Required work =
What are the lines below, starting at the line containing "Runde 1a: pures" and ending at the line containing "Leinwandbild „Only God"? Write them out exactly, ends included, without pictures.

Data to examine =
▽
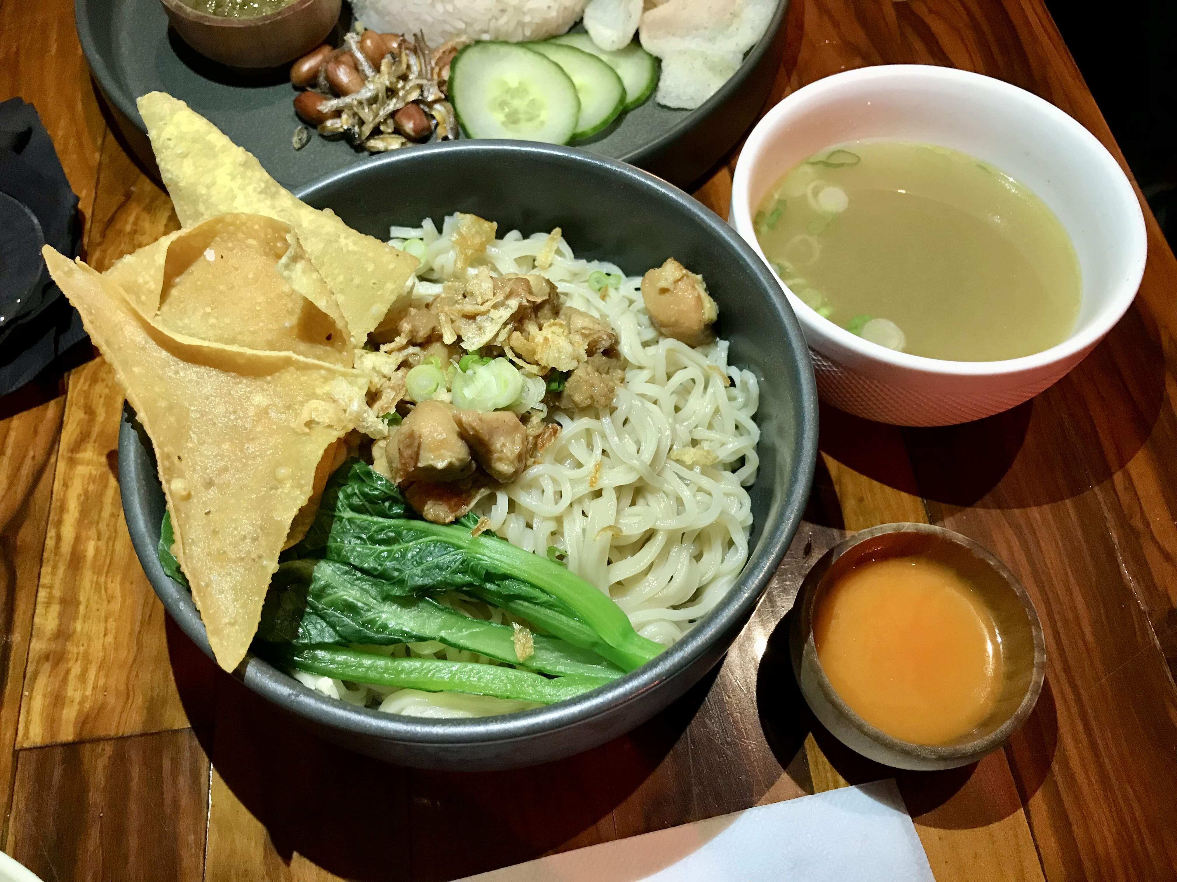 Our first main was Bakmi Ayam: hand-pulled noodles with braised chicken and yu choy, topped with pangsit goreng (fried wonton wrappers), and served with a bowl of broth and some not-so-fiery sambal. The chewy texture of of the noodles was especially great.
△
▽
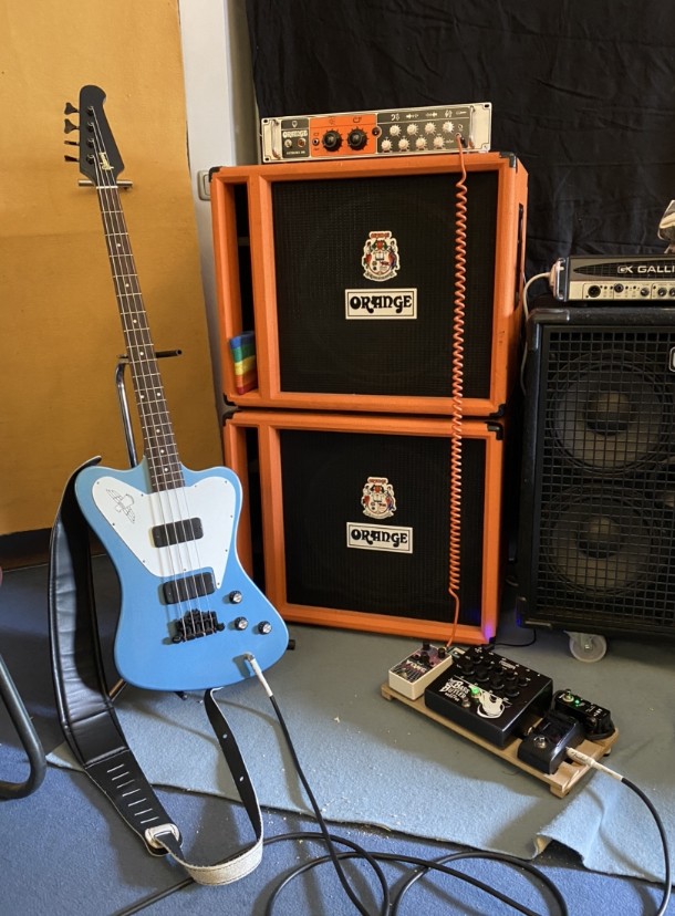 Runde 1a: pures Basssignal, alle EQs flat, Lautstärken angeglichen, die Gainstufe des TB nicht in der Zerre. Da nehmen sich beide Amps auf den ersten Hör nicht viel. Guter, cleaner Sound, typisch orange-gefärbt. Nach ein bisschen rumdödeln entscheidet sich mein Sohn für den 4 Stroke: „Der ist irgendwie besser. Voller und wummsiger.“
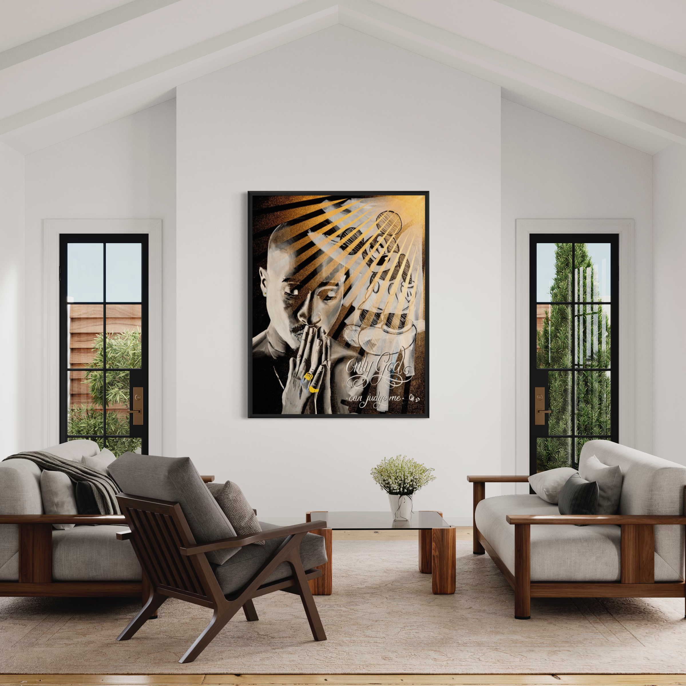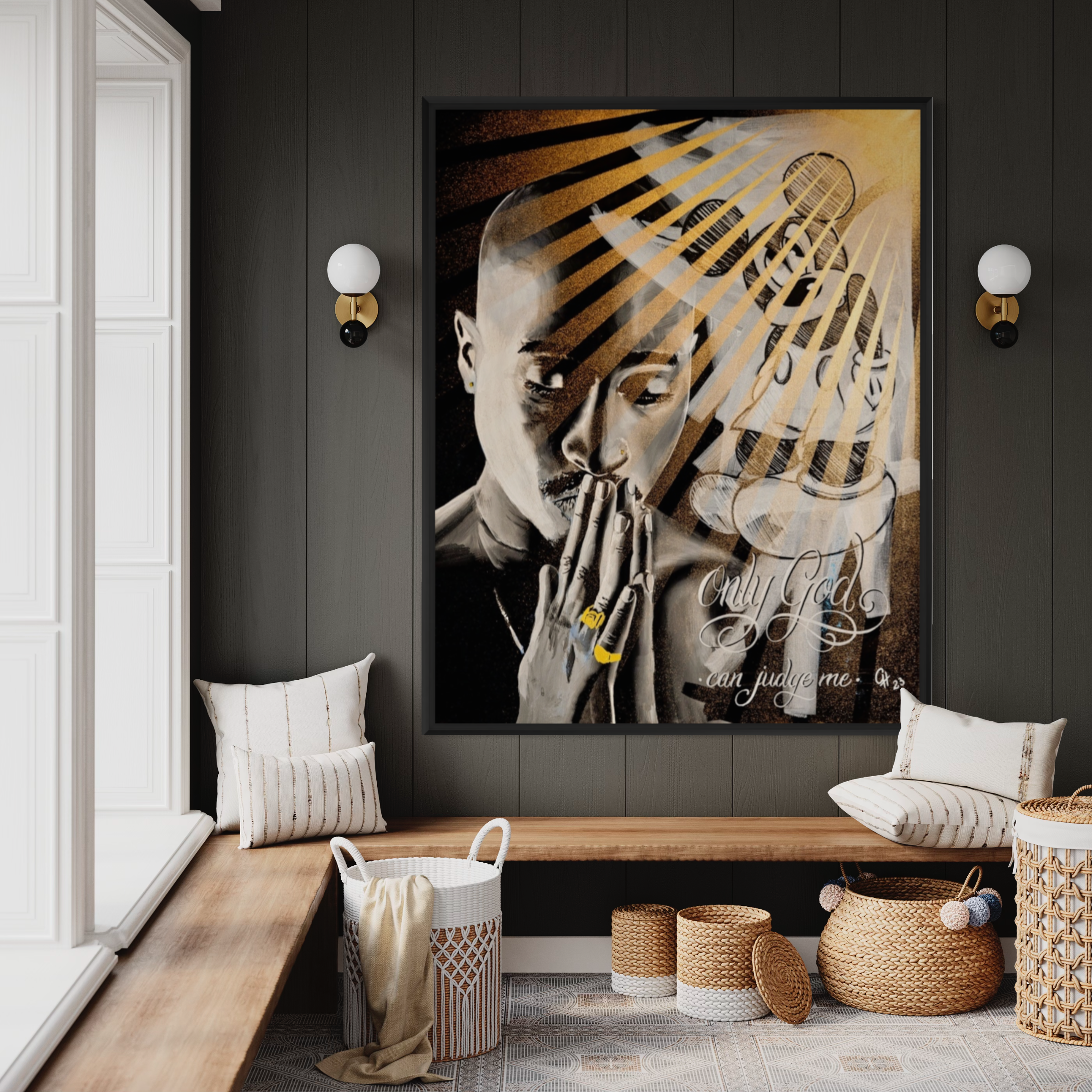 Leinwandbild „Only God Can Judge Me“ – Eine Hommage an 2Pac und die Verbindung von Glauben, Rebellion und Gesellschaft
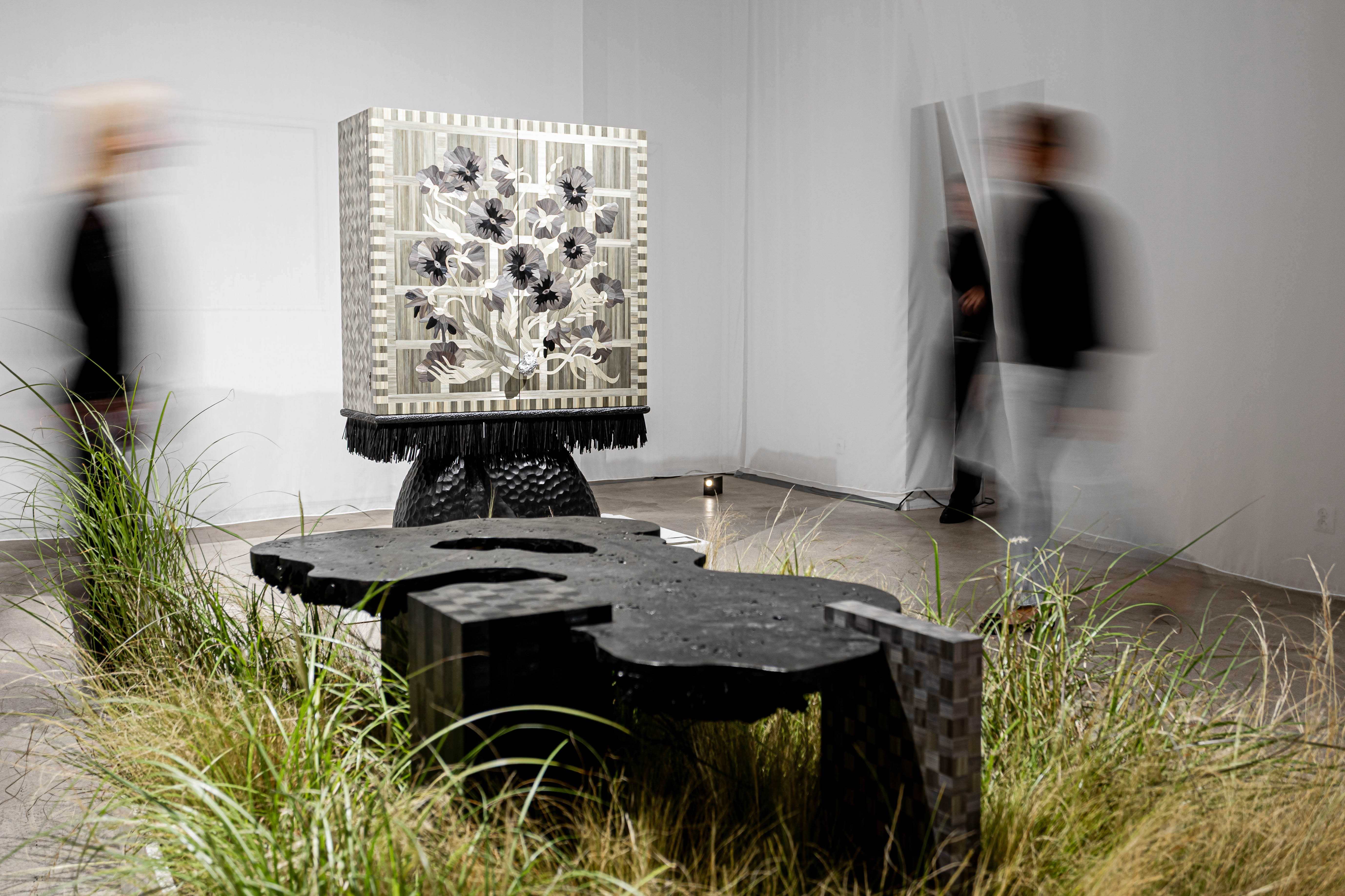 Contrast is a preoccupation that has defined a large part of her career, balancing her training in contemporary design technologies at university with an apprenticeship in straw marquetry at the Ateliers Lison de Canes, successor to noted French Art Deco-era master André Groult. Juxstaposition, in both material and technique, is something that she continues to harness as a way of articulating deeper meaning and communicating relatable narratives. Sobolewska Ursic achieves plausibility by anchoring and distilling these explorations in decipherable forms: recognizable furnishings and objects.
△
Solved exercise =
 Runde 1a: pures Basssignal, alle EQs flat, Lautstärken angeglichen, die Gainstufe des TB nicht in der Zerre. Da nehmen sich beide Amps auf den ersten Hör nicht viel. Guter, cleaner Sound, typisch orange-gefärbt. Nach ein bisschen rumdödeln entscheidet sich mein Sohn für den 4 Stroke: „Der ist irgendwie besser. Voller und wummsiger.“
 Leinwandbild „Only God Can Judge Me“ – Eine Hommage an 2Pac und die Verbindung von Glauben, Rebellion und Gesellschaft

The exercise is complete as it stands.